In their blog they mentioned that their will be a Linux version, but I don't think it's a priority for them
Moving to blink must my draining all their resources, their linux market share probably doesn't justify it yet.
What does Opera offer that you don't already get with Chrome/FF + a couple plug-ins?

I mean what is compelling enough to make you choose it over the above options?

For me the user interface was always snappier and felt just all around better. Now with webkit they have a faster render engine and feel like a lighter and faster version of Chrome (plus you can install all addons from Chrome with this extension: https://addons.opera.com/de/extensions/details/download-chro... )
Mouse gestures. I've tried gestures extensions in every other browser and found them all flawed or limited in some way.

Unfortunately other than that the new Opera is just a skin on Chromium. In the switch they've ruined password manager, fast DOM-preserving back navigation, and tons of others goodies.

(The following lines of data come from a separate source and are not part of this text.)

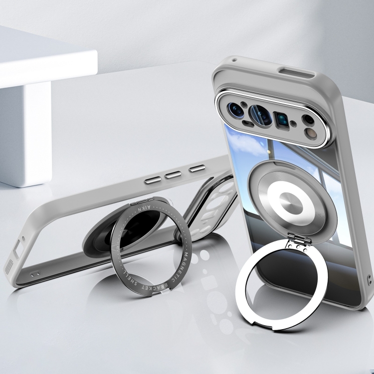 Funda híbrida acrílico y TPU con soporte Magsafe para Google Pixel 9 360 (Gris)
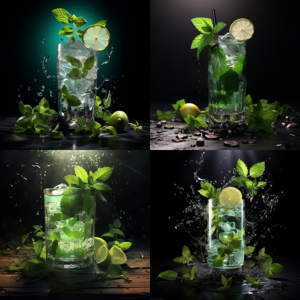 Midjourney Bot 更新时间:2023-08-30 12:33On the black gray table, there is a transparent cocktail with mint leaves scattered around the glass. The simple black gray background features a surreal fantasy style, charming character illustrations, vray rendering, rich and immersive nature, and excellent atmosphere. --ar 1:1 --style raw --v 5.2
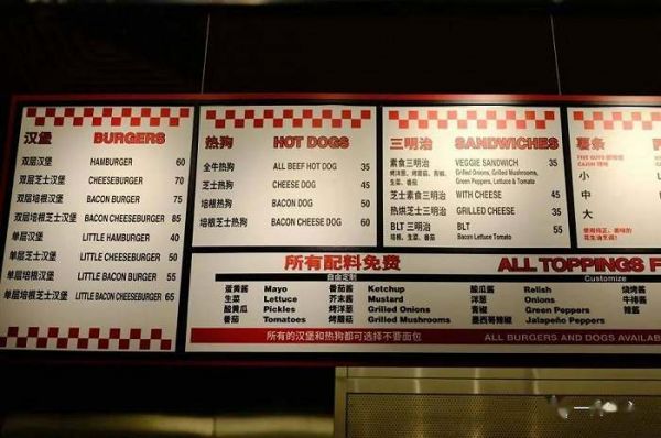 从菜单来看,Five Guys的菜单几乎与其在美国市场无异,汉堡价格在40元至85元不等,经典双层芝士汉堡售价70元,所有的汉堡配料则是免费的——包括各种酱料、烤蘑菇、烤洋葱、墨西哥辣椒等等。薯条则在30元上下。Five Guys在美国的汉堡价格也在7美元上下,价位略高于诸如In-n-Out等其他汉堡品牌。
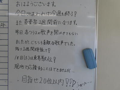 昼間は強い風が吹いて、木の葉や砂埃を舞い上げていました。でも、冷たい風ではありませんでした。8日(土)は土曜授業でしたが、部活動の大会や高校の説明会などが重なり、登校する生徒は多くありませんでした。日曜日はどのように過ごされましたか。冷たい雨が降り、気温も12月並みと寒い一日だったので、家で過ごされる方が多かったのではないでしょうか。近隣の学校ではインフルエンザが流行、という話も聞かれています。体調には十分にご注意ください。
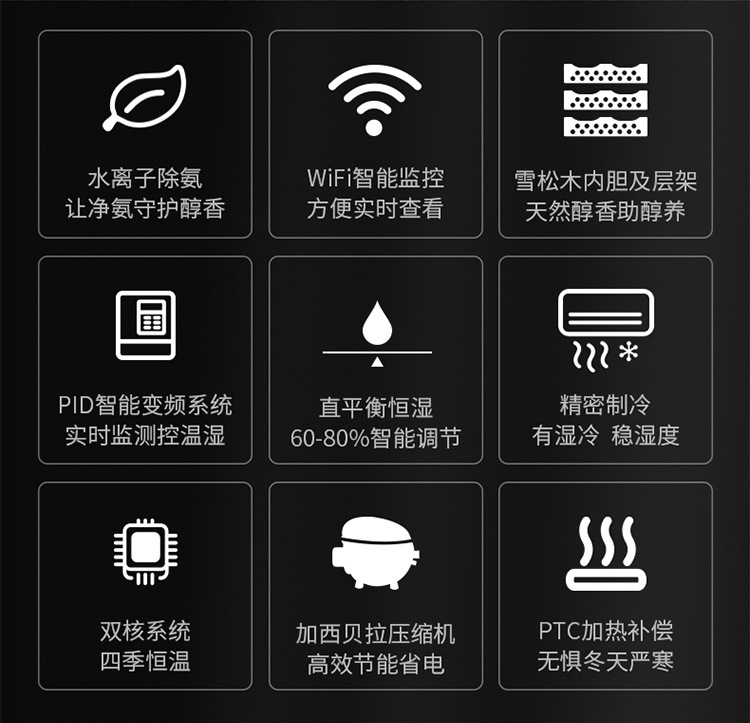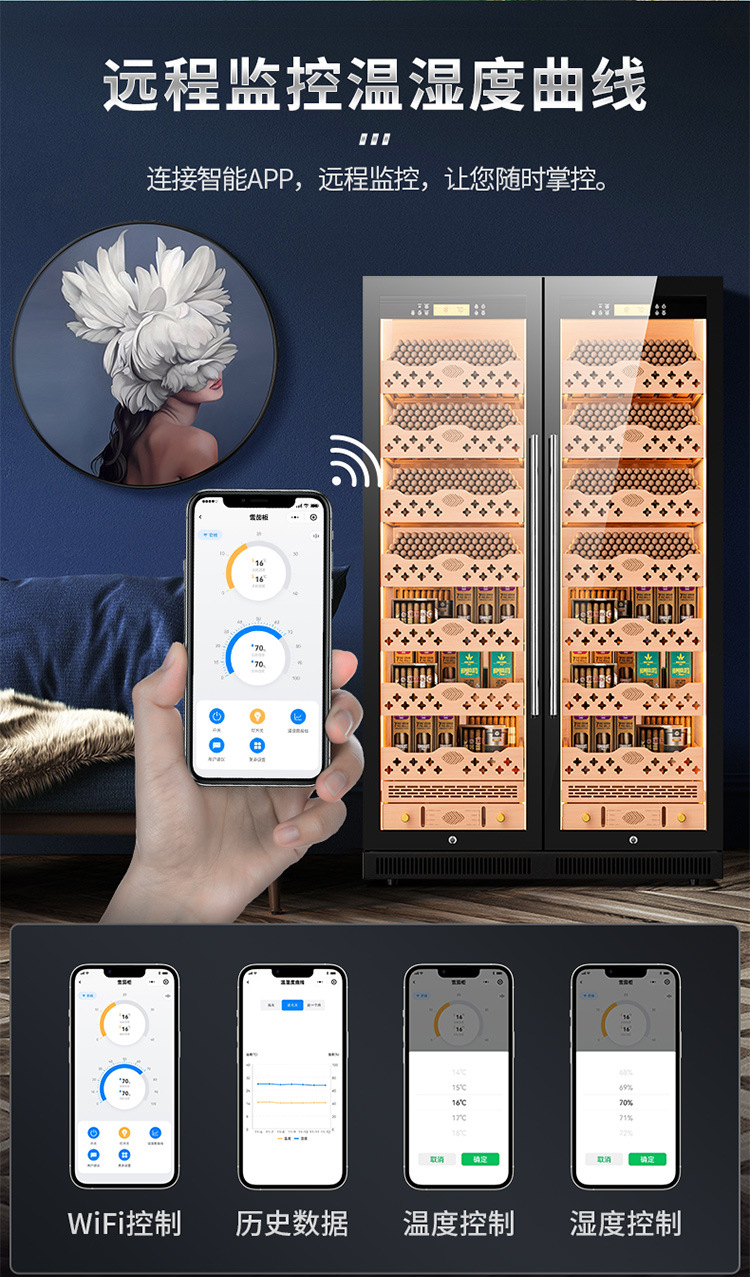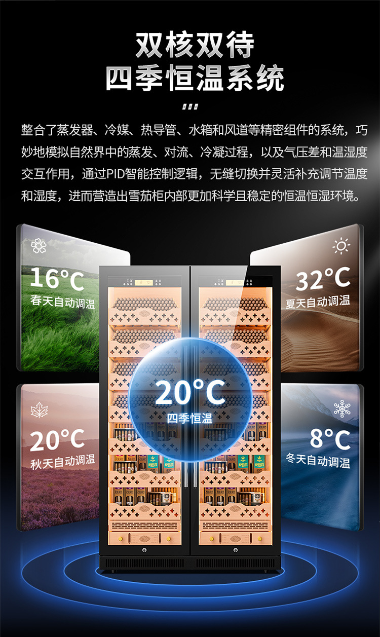 가지 용 CL-320C 시가 캐비닛 지능형 일정한 온도 및 습도 삼나무 라이너 그물 암모니아 알코올 영양 이중 온도 이중 시스템스토어 가기
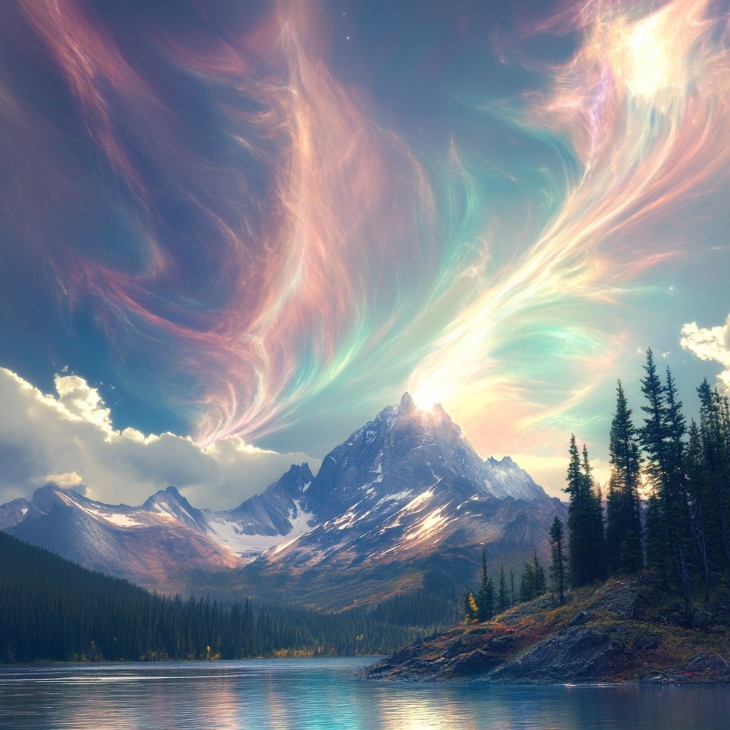 Создано на основе запроса: beautiful mountain scene with mystical energy swirling in the sky, universal consciousness, healing energy
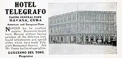 In 1892, it was managed by Gonzalez & Giralt, Proprietors. In 1893, the Souvenir of the Grand Hotel Telégrafo was published by J.C. Prince.[3] Other Hotel Telegrafo locations existed in Sagua La Grande and Camajuaní.[4]
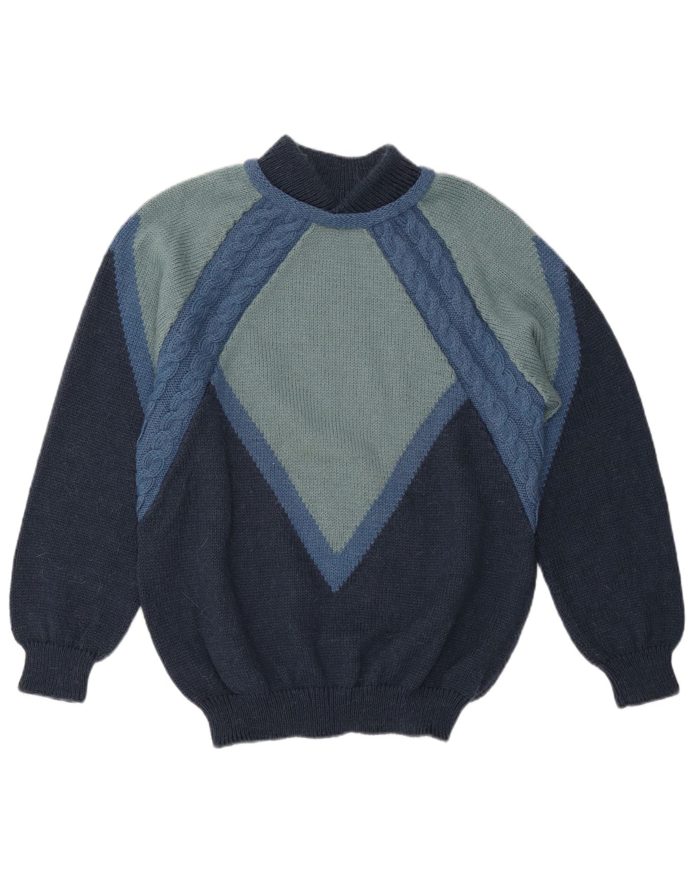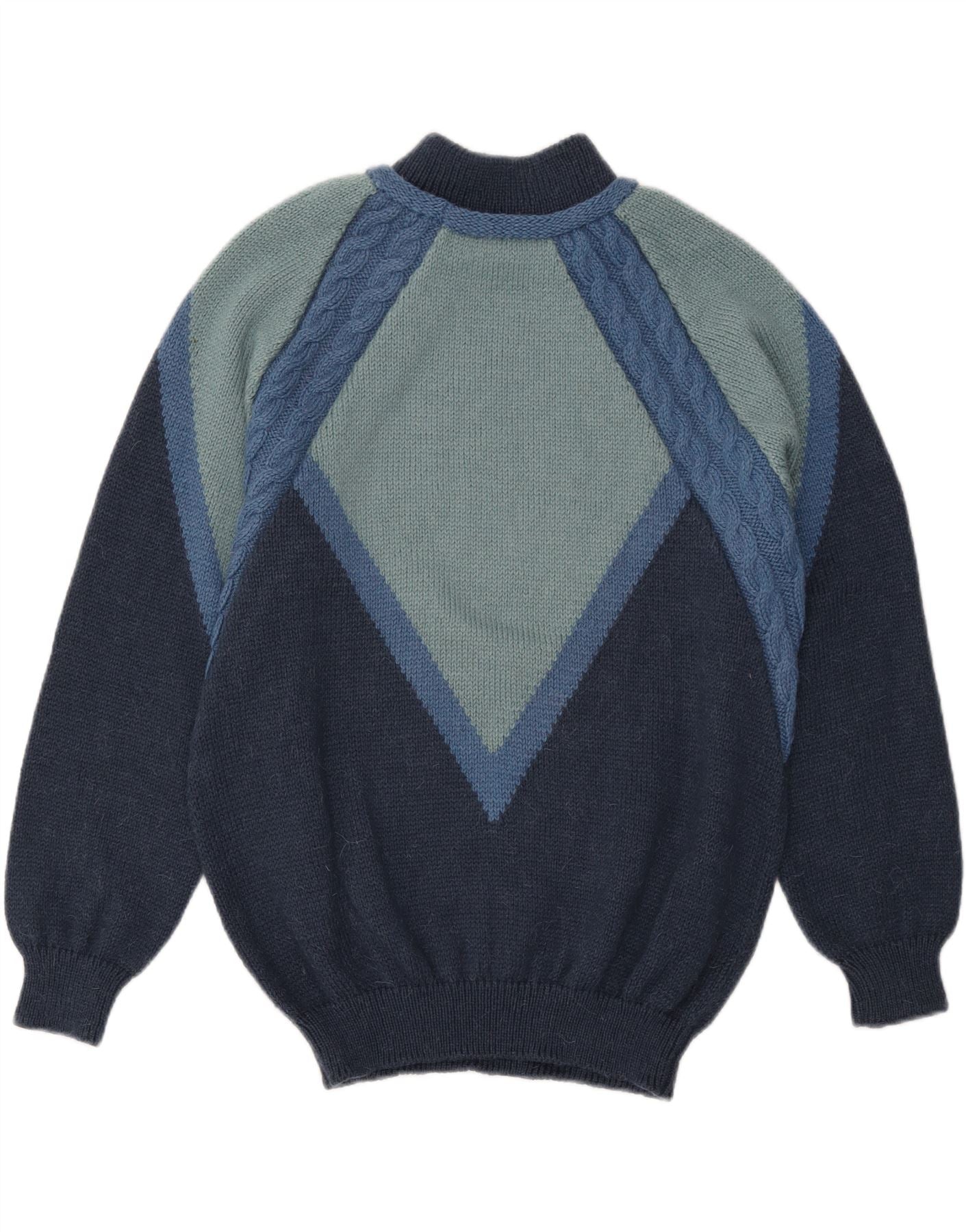 Pulover VINTAGE pentru bărbați cu gât țestoasă, color block, mediu bleumarin
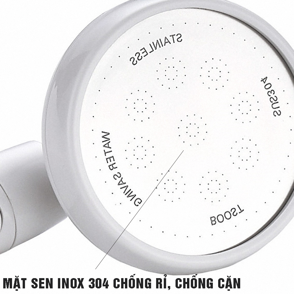 Chất liệu: Thân nhựa PVC nhẹ cực bền, chống va đập, mặt sen bằng Inox 304 chống cặn, không han gỉ.
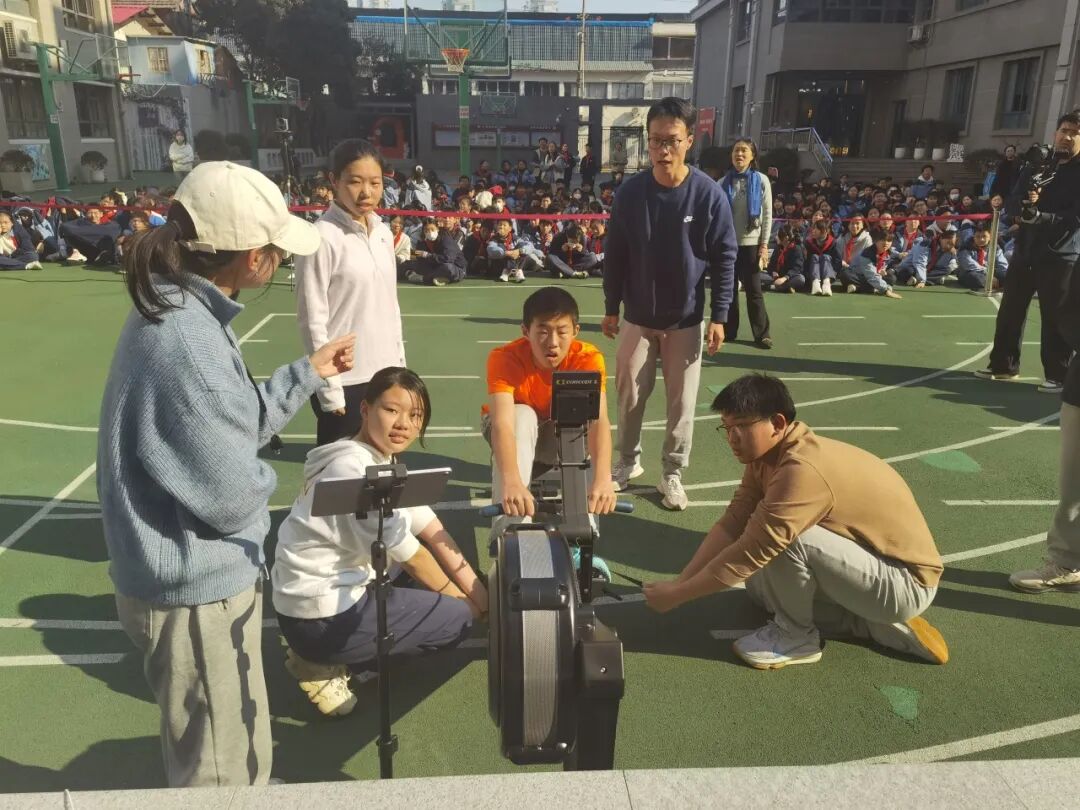 直播画面中,各校选手在虚拟赛道上奋力划桨、全力骑行,身旁是同校师生的加油助威;屏幕一侧,实时跳动的排行榜展示着所有学校的名次变化,竞争态势一目了然。
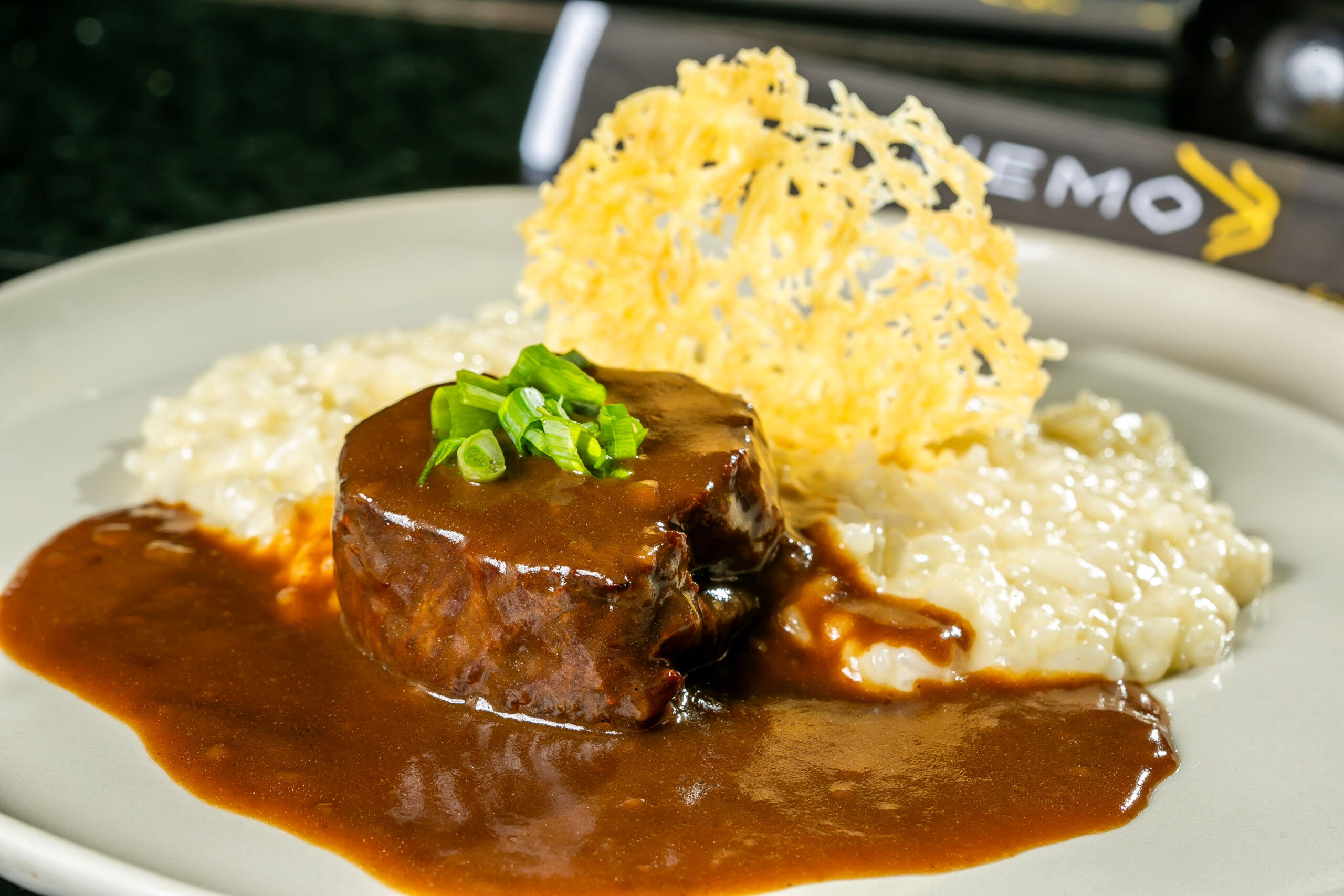 Filé mignon grelhado servido com risoto de parmesão e molho rôti
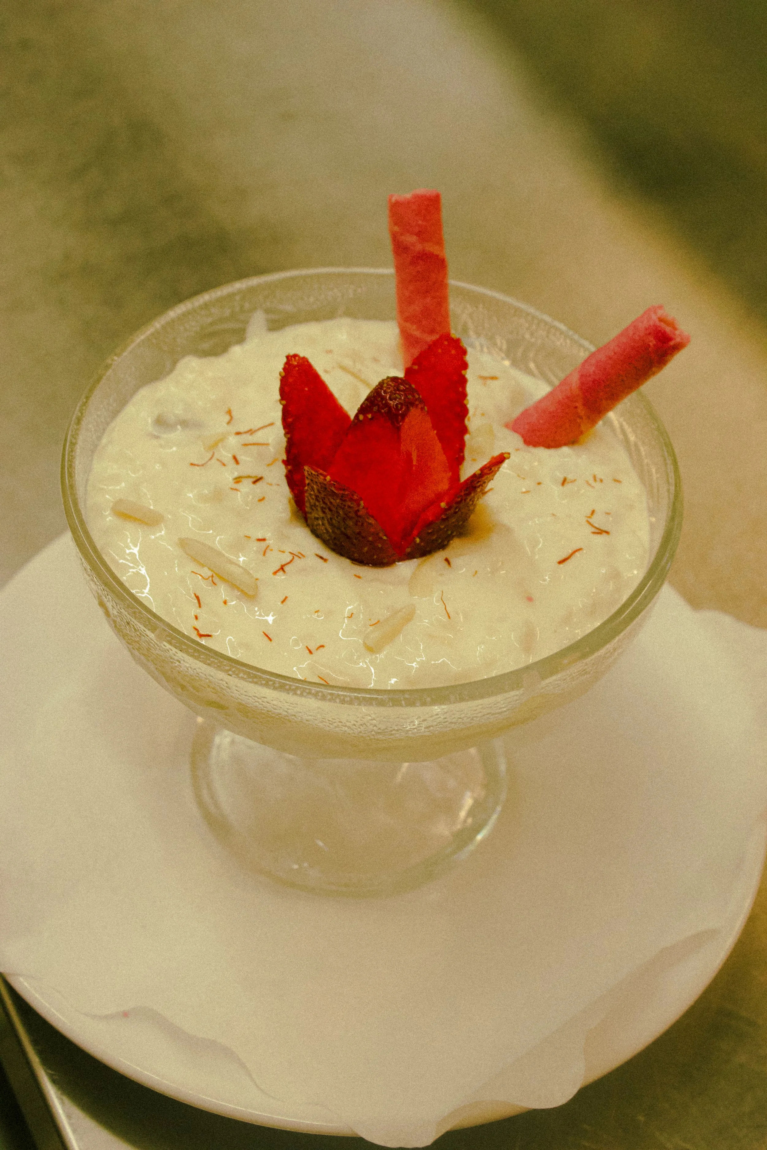 Ein Glas mit einem cremigen Dessert, garniert mit Erdbeeren, roten Dekorationsröllchen und feinen Fäden, möglicherweise Safran.

I haven't used the new one yet, but the old one had a superior tab interface to everything out there, which they called MDI (Multiple Document Interface). For serial tab abusers like myself, it was a noticeable difference that always had me scratching my head why the other browsers didn't copy the idea.
Small things like clicking a tab again to go back to the previous tab are excellent settings in the older versions.
Beyond tab management (which was exceptional), the side panel was and is my favorite UI widget hands-down. In the same vein as hot-corners, being able to 'toss' the pointer into the edge of the screen to open mail, notes, etc. felt just plain better than other methods.
Emphasis on was. Now tab management and the side panel are non-existent.
Tested in our WebRTC app for remote teams, Sqwiggle (https://www.sqwiggle.com) - it works flawlessly.

From a developer standpoint it's only good news that Opera has moved to webkit at this point.

getUserMedia is not WebRTC support. Let us know when you have full support for PeerConnections and DataChannels.
Actually, they do have that. Check it out on http://iswebrtcready.appear.in/, or try to create a room on https://appear.in/
IE still has no support for WebRTC, right? Just checking.
No, I think they disagree with Google about how to implement it. I suppose having paid 8+ bill for Skype might have something to do with it.
Not yet, neither does Safari. Maybe with IE12?
But still no support for being opera instead of a crappy chrome clone? What happened to that whole "we're not going to make the webkit based releases the official releases until we've added back all the missing features from opera 12" thing?
Market pressure.

Even so, the rate at which they're adding back the features is unbelievable - I think it 12 months they'll have all the old Opera features back sans IRC client and mail client (which they said they'd drop anyway).

Opera's future looks really promising if they can survive this very bumpy ride.

Came to say the same thing. Bring back mouse chording damnit! (Not to mention all of the little things that made Opera, Opera).
You still can't make a search engine like DuckDuckGo the default and DragnFly is still missing in action :-(
Bookmarks are older than Opera 12 and they're gone as well
this. And the absence of the mail client, of course.